Question from Paul Harvey
It is a very broad area that we want to look at around science and medical conditions, as there is a tremendous interest in Yoga as a therapy in the world today.
I would like to start by maybe getting a historical perspective on Yoga and asking questions on your understanding of it. Where do you feel that this link started between Yoga and Science? Because Yoga originally was something that was not associated with science.
It was something that was done for personal development, spiritual development, or even perhaps physical development and somewhere we seem to have made this link with science, which was predominantly something that was growing up in the West whilst at the same time Yoga was growing or has grown in India, with less connection directly with science.
So I am wondering if you could help develop this question about the link between Yoga and Science.
Response from TKV Desikachar
If we look at the history of India, for centuries and centuries for different reasons India has always fascinated the West. More people have travelled to India from the West than from other parts because the Chinese could not come because of the mountains. There has been silk; there has been a lot of mix about India’s great history; also many conquerors came.
Through these travels people from the West, which is the source of modern science, heard about many things that are happening. Among the things that they came to know about were some of what we call the ‘feats’ of Yogis. In fact long, long ago Yoga was linked only to all these feats, levitation, flying, etc.
In the beginning of the 19th Century, there was an observation made during the time of the great King, Ranjit Singh in the Punjab, which fascinated some of the travellers of the West. There was a Yogi who was kept in a box and buried underground. He was there for a number of days and he did not die.
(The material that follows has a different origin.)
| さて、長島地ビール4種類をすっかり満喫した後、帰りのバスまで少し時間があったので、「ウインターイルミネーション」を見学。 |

This has been a great fascination for the west, so the curiosity about Yogis increased because science seems to always talk as if it knows all the answers but when these people of science saw these things it was difficult for them to explain how somebody can live underground with very little air at all. In those days it was almost like a fashion for these Yogis to express their powers by these achievements.
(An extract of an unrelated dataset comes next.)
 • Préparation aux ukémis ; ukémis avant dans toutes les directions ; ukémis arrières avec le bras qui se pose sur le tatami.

This is how the interest of Western science in Yoga came, because of the interest the West always had in India. Then recently, because of the interaction between East and West because of the British and French advances, more and more medical people became interested in this extraordinary experience that Yogis could express.
Take my own father’s example. A couple of doctors from France came in the 1930s because they were interested in knowing the power of Yogis to control the autonomic system, like the heartbeat for example. My father, through his Yoga practise, demonstrated his ability to change his heart function, as they could evaluate, at his will to the extent that he even demonstrated before doctors how he could stop his heartbeat even for a few minutes. A lot of people thought he was dead, but he was not dead, so this is how the first medicine in Yoga started, not because it was that Yogis were fit or physically strong but because they were able to exhibit certain things that normally human beings could not do.
It is a part of Yoga and if you look at the Yoga Sūtra of Patañjali, there is one complete section, the Third Chapter, which talks about the power of the mind over the body. How a person who has mastered the mind can do what other human beings cannot, whether in terms of understanding and in terms of power it is almost like magic, they call it Siddhi.
So this is the initial relationship between Science and Yoga.
– Extract from Interview with TKV Desikachar by Paul Harvey in 2000
on ‘Science, Medical Conditions and Yoga as a Therapy’.